While at AT&T Bell Laboratories (1987-1989), he conceptualized and led the development of an add-on feature to Dynamic Non-Hierarchical Routing (DNHR), called Facility Diverse
Routing (FDR) that took a snapshot of the transport network in determining alternate call routing orders
for DNHR so that routes can be diverse---this was done so that in case of a failure, call routing can still
find alternate routes that survived. The FDR feature was deployed in AT&T's long-distance network and
he received an Individual Performance Award at AT&T Bell Laboratories in March 1989 for this
work.
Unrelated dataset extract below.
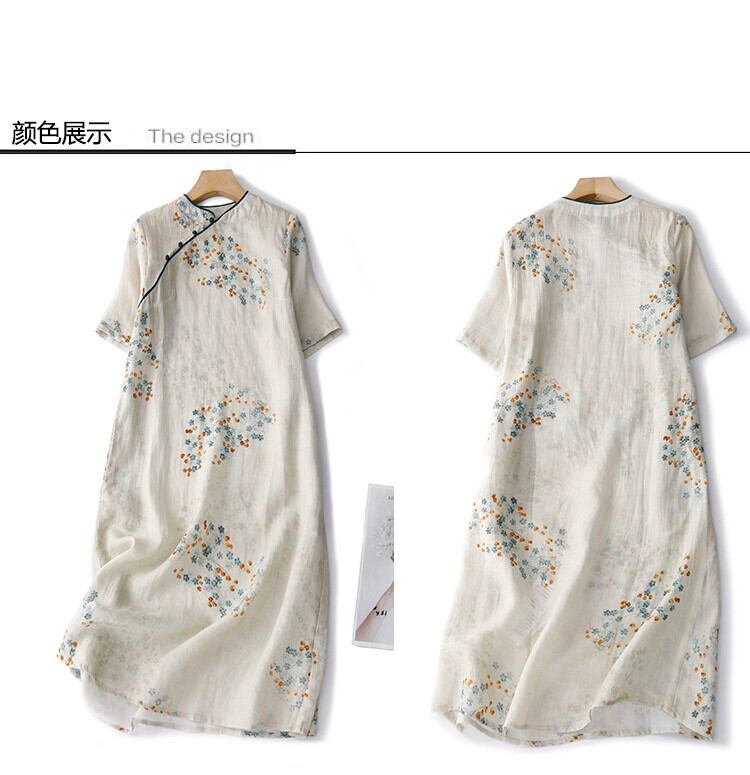 クリアランスカウンター、大手ブランドのテールグッズ、中国風のラミーチャイナロングスカート、ゆったりとしたプリントのコットンとリネンのドレスの女性 sine92322617414

In addition, he is the recipient of following awards and honors:
UMKC Trustees Award for Excellence
in Teaching (1996), UMKC Faculty Performance Shares Award(2001),
the (first ever) Kansas City Star's Tech
50 list (2002), UMKC School of Computing & Engineering's Good Teaching Award (2005), 2004-2005 UMKC Trustees'
Faculty Fellow (award given to the most distinguished
faculty members at UMKC for a sustained nationally and internationally
recognized record of research and/or creativity), 2009 Outstanding Doctoral Faculty Award from UMKC's Inter-disciplinary doctoral students council, 2012 Chancellor's Award for Excellence in Graduate Mentoring (UMKC's highest honor to a faculty member annually with a long-established career at the University who has made significant contributions to higher education through exceptional mentoring of graduate students), and 2012 N.T. Veatch Award for Distinguished Research and Creative Activity (UMKC's highest research award given annually to a single faculty member).
With Michal Pioro, he co-authored the book,
Routing, Flow, and Capacity Design in Communication
and Computer Networks, published by Morgan Kaufmann
Publishers (an imprint of Elsevier), July 2004. His recent book with
Karthik Ramasamy is Network Routing: Algorithms, Protocols, and
Architectures (also published by Morgan Kaufmann), March 2007.